The operator never restarts the newly-added host after the cluster definition is published, so there is no automatic recovery. The only workaround today is a manual pod restart.
Expected behavior
After scale-up, the newly added replica should end up healthy automatically: once the final remote_servers (with all hosts) is in place, the new host should be in a state where cluster-dependent objects load successfully — without a human manually restarting the pod.
Actual behavior
The newly added replica comes up Ready but degraded:
SELECT … FROM <distributed_table> → Code: 701 CLUSTER_DOESNT_EXIST
- the dependent
DICTIONARY is stuck (load CANCELED); dictGet(...) → Code: 722 ASYNC_LOAD_WAIT_FAILED → 701
- the refreshable MV keeps failing every refresh; its target tables never populate on the new replica
system.clusters does list the cluster (after the operator's reload), which makes the failure look paradoxical
system.asynchronous_loader shows the relevant jobs as terminal FAILED/CANCELED and they are never re-run
A manual kubectl delete pod <new-replica> (or any process restart) fixes it permanently, because the fresh process re-runs the loader with the cluster present.
Steps to reproduce
-
Install a CHI with a single shard, 1 replica, clickhouse/clickhouse-server:25.8, backed by Keeper.
-
Create the dependency chain and ingest some data so the Distributed table has pending/local data:
CREATE TABLE default.rmt ON CLUSTER 'c1'
( ts DateTime, metric String, val Float64 )

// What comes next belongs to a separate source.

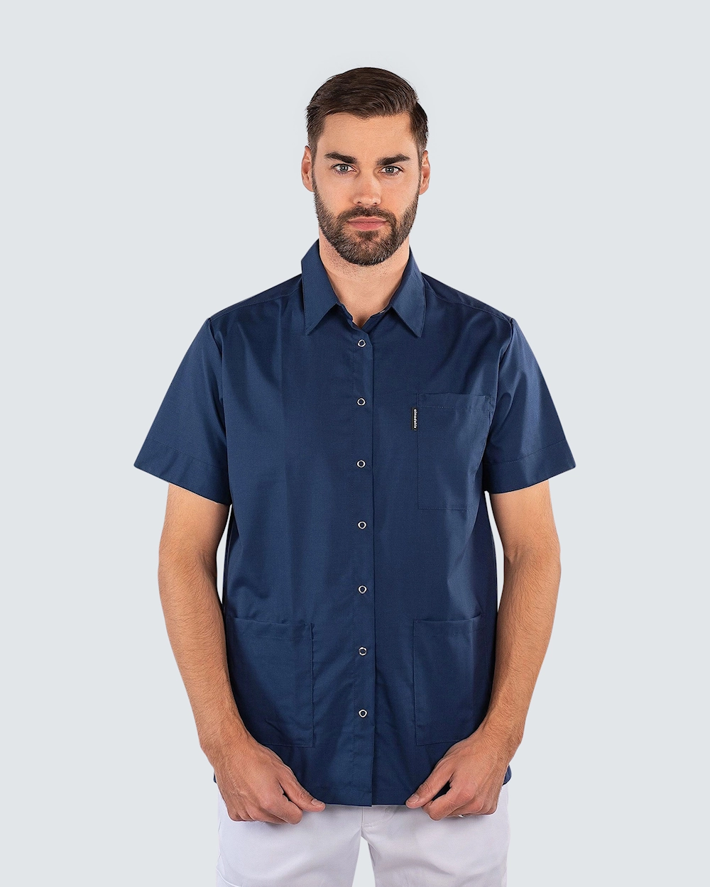 Behagelig skjorte i unisex modell med krage og hel knepping foran med trykkeknapper. Skjorten har romslige lommer med godt om plass for diverse arbeidsutstyr. Med bevegelsesfold baktil og splitt i siden får du ekstra bevegelsesfrihet og en fin arbeidsskjorte med god passform.

ENGINE = ReplicatedMergeTree('/clickhouse/tables/{shard}/rmt', '{replica}')
ORDER BY (metric, ts);
INSERT INTO default.rmt
SELECT now() - number, concat('m', toString(number % 5)), number FROM numbers(2000);
CREATE TABLE default.dist ON CLUSTER 'c1' AS default.rmt
ENGINE = Distributed('c1', default, rmt, rand());
CREATE DICTIONARY default.max_ts_dict ON CLUSTER 'c1'
( metric String, max_ts DateTime )
PRIMARY KEY metric
SOURCE(CLICKHOUSE(QUERY 'SELECT metric, max(ts) AS max_ts FROM default.dist GROUP BY metric'))
LAYOUT(COMPLEX_KEY_HASHED())
LIFETIME(MIN 30 MAX 60);
CREATE TABLE default.agg ON CLUSTER 'c1'
( metric String, max_ts DateTime, cnt UInt64 )

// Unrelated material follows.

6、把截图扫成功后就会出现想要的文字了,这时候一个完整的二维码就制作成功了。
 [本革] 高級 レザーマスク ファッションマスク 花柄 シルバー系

ENGINE = MergeTree ORDER BY metric;
CREATE MATERIALIZED VIEW default.agg_mv ON CLUSTER 'c1'
REFRESH EVERY 10 SECOND TO default.agg AS
SELECT metric, dictGet('default.max_ts_dict','max_ts', tuple(metric)) AS max_ts, count() AS cnt
FROM default.dist GROUP BY metric;
-
Scale the cluster: set spec.configuration.clusters[0].layout.replicasCount: 2.
-
After the operator reports Completed, query the new replica:
SELECT count() FROM default.dist; -- Code: 701 CLUSTER_DOESNT_EXIST
SELECT status, last_exception FROM system.dictionaries
WHERE name LIKE '%max_ts_dict%'; -- not LOADED
SELECT view, status, exception FROM system.view_refreshes
WHERE view = 'agg_mv'; -- exception, never succeeds
SELECT status, count() FROM system.asynchronous_loader GROUP BY status; -- FAILED / CANCELED present
SELECT name, value FROM system.errors WHERE name = 'CLUSTER_DOESNT_EXIST';
-
system.clusters on the new replica already lists c1 (the operator applied remote_servers via reload), yet the queries above keep failing — demonstrating the failure is sticky across SYSTEM RELOAD CONFIG.
-
kubectl delete pod <new-replica-pod> → after it restarts, everything is healthy. This is the only recovery today.
Representative server log (new replica)
<Error> ... CLUSTER_DOESNT_EXIST ... Requested cluster 'c1' not found
... StorageDistributed::initializeDirectoryQueuesForDisk
... Context::getCluster
<Error> AsyncLoader: load job 'load table default.dist' failed: CLUSTER_DOESNT_EXIST
<Error> AsyncLoader: load job 'startup table default.dist' canceled
<Error> AsyncLoader: load job 'load dictionary default.max_ts_dict' canceled
... RefreshTask: ... Code: 722. ASYNC_LOAD_WAIT_FAILED ... -> CLUSTER_DOESNT_EXIST
Root cause (operator side)
Two operator behaviors combine to leave the new replica permanently broken:
-
The preliminary common ConfigMap is generated without the newly-added hosts.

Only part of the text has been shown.